Después de explorar un poco entre la ropa y los muebles antiguos, volvimos al rellano y exploramos el pasillo que daba a otra habitación, aunque era mucho menos interesante. Allí estaba la caldera y bombas de la cisterna; había una mesa con herramientas, botes de impermeabilizante, mangueras e implementos de limpieza.

—Aquí no hay lugar para esconder un cadáver —observé—. Tal vez esté en algún mueble del almacén, pero tardaríamos una eternidad en abrir cada chisme.

—Tengo un remedio para eso —Requena sacó de su mochila una cadenilla con un dije—. Vamos a preguntarle dónde se encuentra.

—¿A… la muerta? —sonreí—. No hablas en serio.

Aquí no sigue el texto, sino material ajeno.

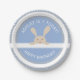 Azul claro, redondeado con borde blanco y marrón, adornado con entramado blanco. La cabeza, la cara y las patas de un conejo marrón se aferran a una cinta blanca debajo. Los textos de plantilla a la derecha le permiten personalizar para uso personal. Ideal para fiestas de cumpleaños para niños o un evento de Pascua.
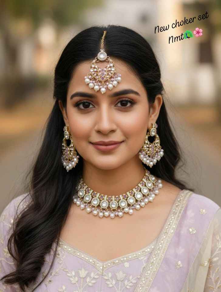 Products Name:Fancy Collection Gold Plated Kundan & Pearl Necklace Set

—Esto es más serio de lo que crees —y extendió la mano con el péndulo—. Si Noemí busca justicia, y es lo que sospecho, nos dirá dónde escondió el profe su cuerpo.

—Pero ¿a quién vas a llamar? ¿Al fantasma o al espectro? —quiso saber Conde.

—A quién conteste, claro —el chico gordo cerró los ojos—. Sería genial un fenómeno fulgor de categoría uno, pero me conformo con un despojo de tercer nivel… ya veremos. Silencio —impostó la voz y comenzó su invocación—: Noemí, somos tus vecinos y queremos hablar contigo…

Trazó círculos con el péndulo. De pronto, me di cuenta de lo absurdo de la situación; apreté los labios para no reír.

—Estamos aquí para ayudarte —siguió Requena, reconcentrado—, para que encuentres justicia y tu cuerpo obtenga eterno reposo. Danos una señal.